# Figuring siding for a 12x20



## detroit687 (Sep 4, 2008)

SLSTech said:


> You know what I think is scary, is poor CJ went through a Construction Management program with a degree & apparently this isn't taught?


Bull crap
i guarantee that he did not complete a construction management program or a 4 year apprenticeship if he cant figure out square footage. Or know what a square is or rise ,run and span is. Or the difference between slope and pitch. 

Maybe a job corps training, or a remedial community college course in building. 

Lets not dumb down the guys who did have to attend formal training.


----------



## Seven-Delta-FortyOne (Mar 5, 2011)

Did you want us to tell you the answer, or tell you how to FIND the answer?

P.S. Figuring sq. ft. is first _week_ apprentice stuff.


----------



## detroit687 (Sep 4, 2008)

Not to be critical CJ but your time would be better spent studying the koel book, or reading articles at thisiscarpentry.com or participating at the diy forum.

Making posts like, "looks nice" or "great Project" isnt going to do you any good you need to learn the basics.

Im studying for my AHC, Architectural Hardware Consultant and i find myself doing the same thing I shouldnt be staring at pictures at idighardware.com I should be studying.


----------



## SLSTech (Sep 13, 2008)

detroit687 said:


> Bull crap
> i guarantee that he did not complete a construction management program or a 4 year apprenticeship if he cant figure out square footage. Or know what a square is or rise ,run and span is. Or the difference between slope and pitch.
> 
> Maybe a job corps training, or a remedial community college course in building.
> ...


Well you can look through his past posts, but that is what he went to school for a degree...

As for the lets not dumb down - I didn't do any such thing as we all know it all comes down to who is teaching & who is learning. Along those lines I would be careful slamming trades schools & community colleges as I have met some of those guys & they are pretty sharp - some of them, well...


----------



## TimelessQuality (Sep 23, 2007)

Hey,CJ's alright....


Just buy a few more pieces than you figure, keep them dry, and you can return them of you don't use them


----------



## CJ21 (Aug 11, 2007)

Yes I figure it out, I went look in one of old carpentry books.
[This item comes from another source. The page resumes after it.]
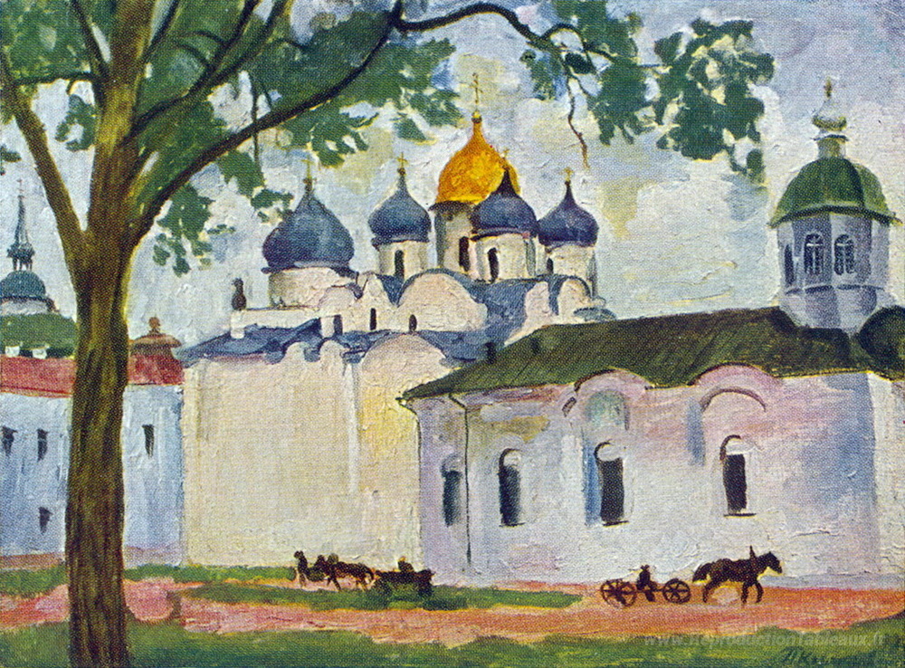 Nous vous proposons une reproduction artisanale sur toile du célèbre tableau 'Novgorod. Square de la cathédrale St. Sophia.' de Pyotr Konchalovsky, provenant du Musée de la Reproduction.

It was a two year degree program at a techincal college.


----------



## Roofcheck (Dec 27, 2011)

480 views. What is the final answer?


----------



## CJ21 (Aug 11, 2007)

About 66 peices.


----------



## griz (Nov 26, 2009)

CJ21 said:


> About 66 peices.


So if you were bidding this is "about " 66 pieces close enough?...:whistling

Are your other material estimates based on the WAG theory or can you actually calc what you need?...:whistling

A little disappointing to hear you needed to dig out one of your old books to try & get the answer. I have said it before that you got screwed taking that class.


----------



## overanalyze (Dec 28, 2010)

CJ21 said:


> About 66 peices.


Man I thought this was a pro site...I would have edited that question out of existence.


----------



## ohiohomedoctor (Dec 26, 2010)

Cj just needs to do his own math. If we say 66 pieces then he needs 68 he will be back here wondering why.. :laughing:


----------



## Jaws (Dec 20, 2010)

overanalyze said:


> Man I thought this was a pro site...I would have edited that question out of existence.


CJ is a good guy. 

Just needs to throw the degree in a box, and grab a shovel. 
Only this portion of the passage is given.